Rigorous understatement is Stuckey-French’s game, and the few comparatively flat stories here either don't move far enough away from their ho-hum premises or don’t develop potentially intriguing situations. Respective examples are “Blessing,” in which a middle-aged father’s outing with his college-student son only hints at the ironies of age offering reassurances, if not certainties, to youth; and “Scavenger Hunt,” an overattenuated black comedy that implicitly compares a long-divorced woman’s neurotic instability to both the title game and TV’s lowbrow mock-documentary Unsolved Mysteries. The searching “Electric Wizard” builds a contrast between a poetry teacher’s relationship with her two young daughters and the bereaved couple—parents of a student who has killed himself—who importune her for proof “that his suicidal behavior arose from sheer genius.” But it feels like a half-finished version of a longer, more detailed story.

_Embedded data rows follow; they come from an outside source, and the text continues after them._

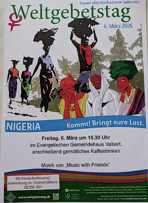 Gebete, Musik und Texte wurden in diesem Jahr von Frauen aus Nigeria zum Thema "Kommt! Bringt Eure Last! zusammengestellt. Gehört werden Hoffnungen und Sorgen der nigerianischen Frauen. Sie möchten sich und uns motivieren, mutig und hoffnungsvoll zu glauben, auch in schwierigen Lebenslagen.
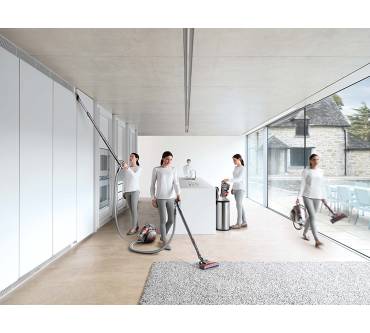 Mit etwa 500 Euro im Online-Handel ist der Bodenstaubsauger Cinetic Big Ball Absolute 2 von Dyson natürlich alles andere als billig. Dafür bekommt man hier aber einen ziemlich ausgereiften und hochwertigen Sauger präsentiert. Die Saugleistung ist recht stark und sollte für jede Verschmutzung auf Hartböden und Teppichen vollkommen ausreichen. Sogar Tierhaare können mit Hilfe der Mini-Turbo-Düse effektiv entfernt werden. Lediglich Hochflorteppiche werden nicht komplett gereinigt. Manchmal saugt sich die Düse aufgrund der hohen Saugleistung sogar am Teppich fest und kann nur schwer bewegt werden. Die Bedienung ist dagegen äußerst komfortabel. Positiv ist auch, dass sich der Staubsauger wieder selbstständig aufrichtet, wenn er mal versehentlich umgestoßen wird.
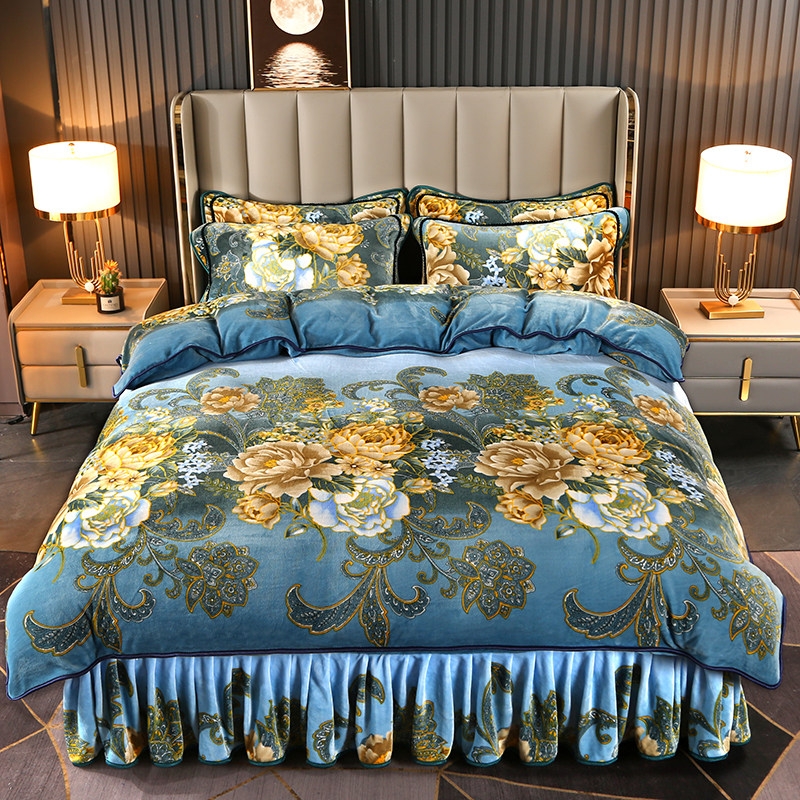 冬季珊瑚绒床上四件套加厚牛奶绒床裙双面被套加绒保暖法兰绒床单
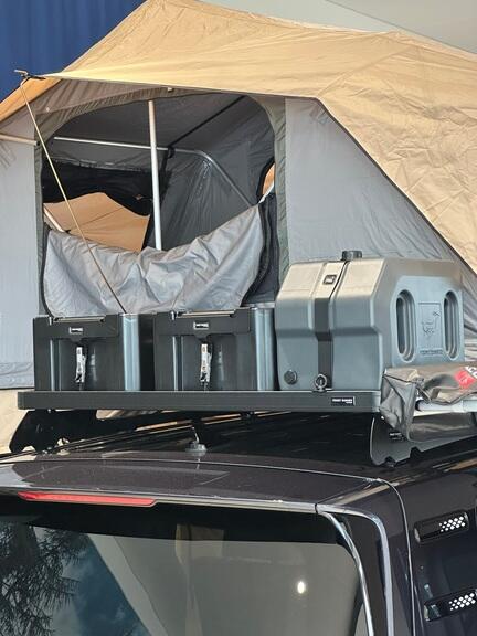 Monteringsbeslaget er let at afmontere og forstyrrer ikke dækslets funktion. Inkluderer de nødvendige beslag til at montere tanken på dit tagstativ samt til at stabilisere siderne.

A comparable thickness of conception and implication appears in several pieces, and works best in “Junior,” a carefully controlled portrayal of a moody juvenile misfit who’s initially attracted to, then discouraged by, her extended family’s eccentricity and needfulness; “The Visible Man,” in which a widow passively resigned to life in an old age home finds opportunities for mischief and a kind of control in her “friendship” with her suggestible former employer; and the superb “Search and Rescue”: a wonderfully imagined story, developed in an unusual and very moving way, that skillfully charts the tensions between two very different office co-workers: a volunteer scuba driver dedicated to retrieving drowning victims, and a lonely younger woman chained to the family demands imposed by her father, a helpless Alzheimer’s victim.
A bit uneven, then, but strong debut. One hopes Stuckey-French will soon test her gift for exploring arrestingly unconventional characters and conflicts in the ampler latitudes of the novel.